Wall Street Analysts Reflect On AT&T-Time Warner Ruling, Assess Implications Outside Tech, Media

A U.S. District Court approved AT&T Inc. (NYSE: T)'s purchase of Time Warner Inc (NYSE: TWX) Tuesday and advised the Justice Department not to seek a stay of the ruling.

The results were celebrated by stocks involved in and distantly peripheral to the case — and left analysts generally more bullish on corporate America.

What It Means For AT&T

KeyBanc expects AT&T investor focus to shift from the firm’s struggles in wireless, wireline and entertainment toward positive Time-Warner synergies.

“Longer term, the opportunity for AT&T to improve TWX's ad monetization by integrating data could provide additional synergy, but we are in the very early stages of targeted advertising for AT&T,” KeyBanc analysts wrote in an note.

Notably, analysts seemed least interested in the effects on AT&T’s thesis and instead emphasized broader sector implications.

Implications For Media

To Morgan Stanley, the approval serves as formal recognition that tech platforms — Netflix, Inc. (NASDAQ: NFLX), Alphabet Inc (NASDAQ: GOOGL) (NASDAQ: GOOG),, Inc. (NASDAQ: AMZN), Apple Inc. (NASDAQ: AAPL) and Facebook, Inc. (NASDAQ: FB) — are disrupting traditional media and telecom markets with content plays.

Consequently, the ruling paves a path for additional and accelerated media consolidation, which could narrow the gap between public and private market valuations.

“Market uncertainty on deal prospects could fall, in which case equity values would likely rise accordingly,” Morgan Stanley wrote.

The analysts anticipate merger interest from Charter Communications Inc (NASDAQ: CHTR) and Spotify Technology SA (NYSE: SPOT), with Apple and Amazon potentially eyeing IP and production assets.
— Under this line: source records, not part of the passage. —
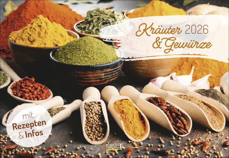 Der praktische Kalender zeigt 12 Stillleben mit Infotexten und Rezepten zu den beliebtesten Kräutern und Gewürzen. Mit viel Platz für Notizen und einer Übersicht mit Ferienterminen.
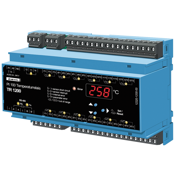 RTD-BOX TR1200 DISTRIBUTED INPUT-BOX FOR 12 RTD-CONNECTIONS PT100 (THERMOBOX) RAIL MOUNTING PLASTIC, PROTECTION CLASS IP21 1 SERIAL INTERFACE RS485 FOR COMMUNICATION OF MEASUREMENTS WIDE RANGE POWER SUPPLY AC/DC 24-240V NOTE: THE DEVICE CAN BE OPERATED IN A 7XV5662-2AD10 OR 7XV5662-5AD10 OF COMPATIBLE MODE.
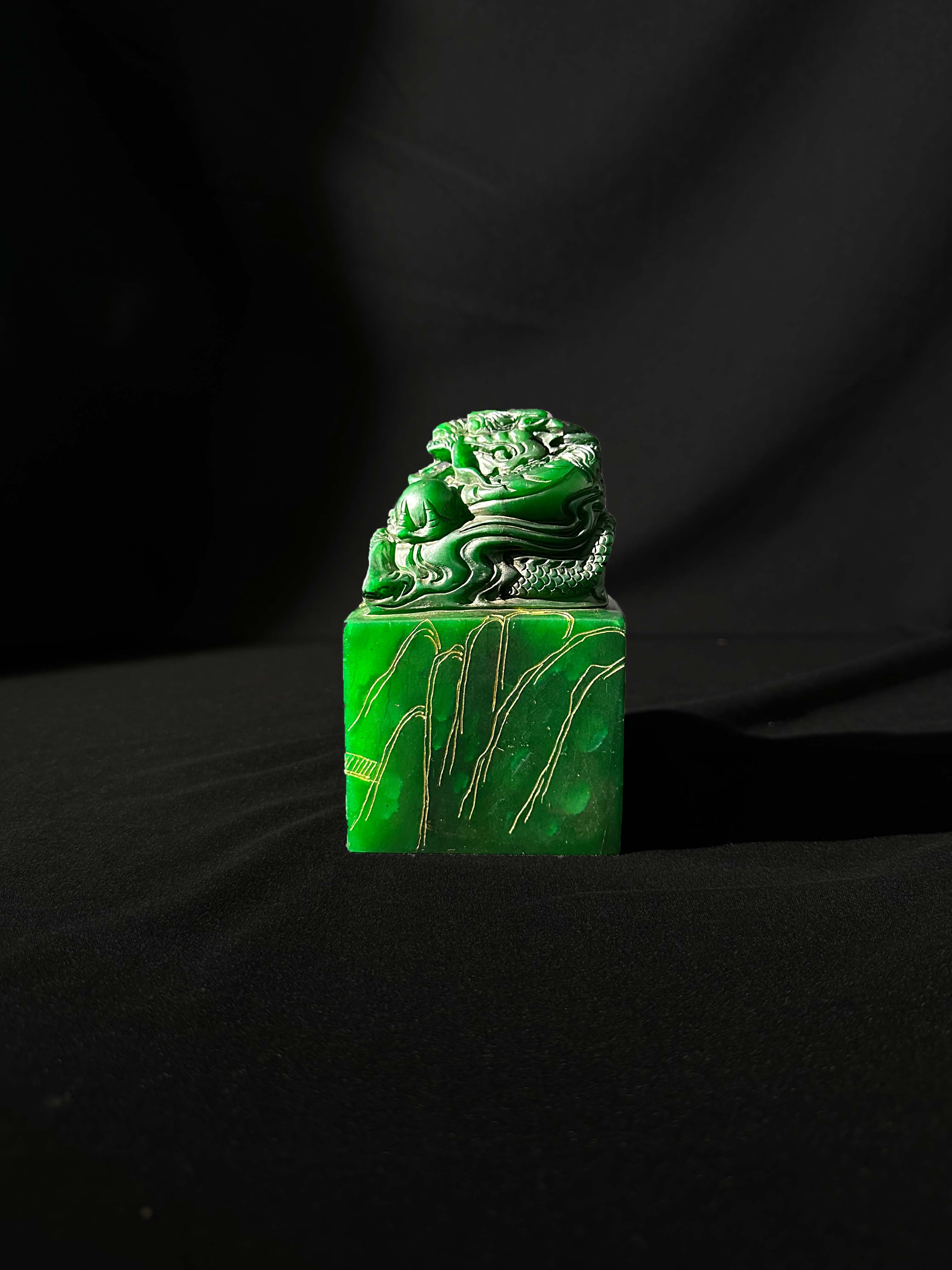 采用寿山蓝田石,色泽浓郁翠绿,质地细腻温润,是寿山石中的名贵品类,为印章创作提供了优质的物质基础。
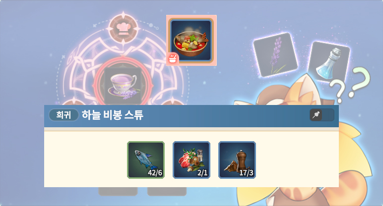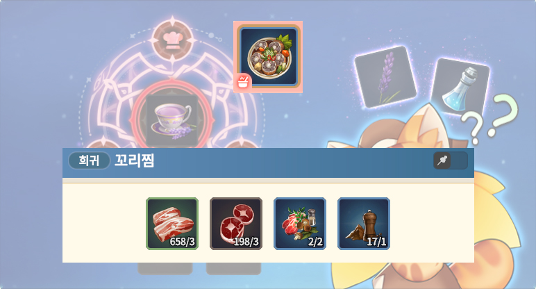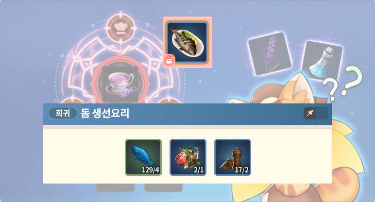 요리 LV3 레시피 연어 생선요리 연어 X 4 손칼민어 X 1 소금 X 2 배스 맑은탕 큰입배스 X 6 후추 X 2 갈비찜 주먹고기 X 6 일반 만능 식재료 X 1 (바질 잎사귀1 / 주먹고기1 / 송어1) (복숭아1 / 주먹고기1 /.

KeyBanc expects Comcast Corporation (NASDAQ: CMCSA) to formalize a bid for Twenty-First Century Fox Inc (NASDAQ: FOXA) as soon as Wednesday. Similarly, it expects progress in the T-Mobile US Inc (NASDAQ: TMUS)-Sprint Corp (NYSE: S) merger, even though AT&T’s vertical merger doesn’t necessarily influence policy around horizontal mergers.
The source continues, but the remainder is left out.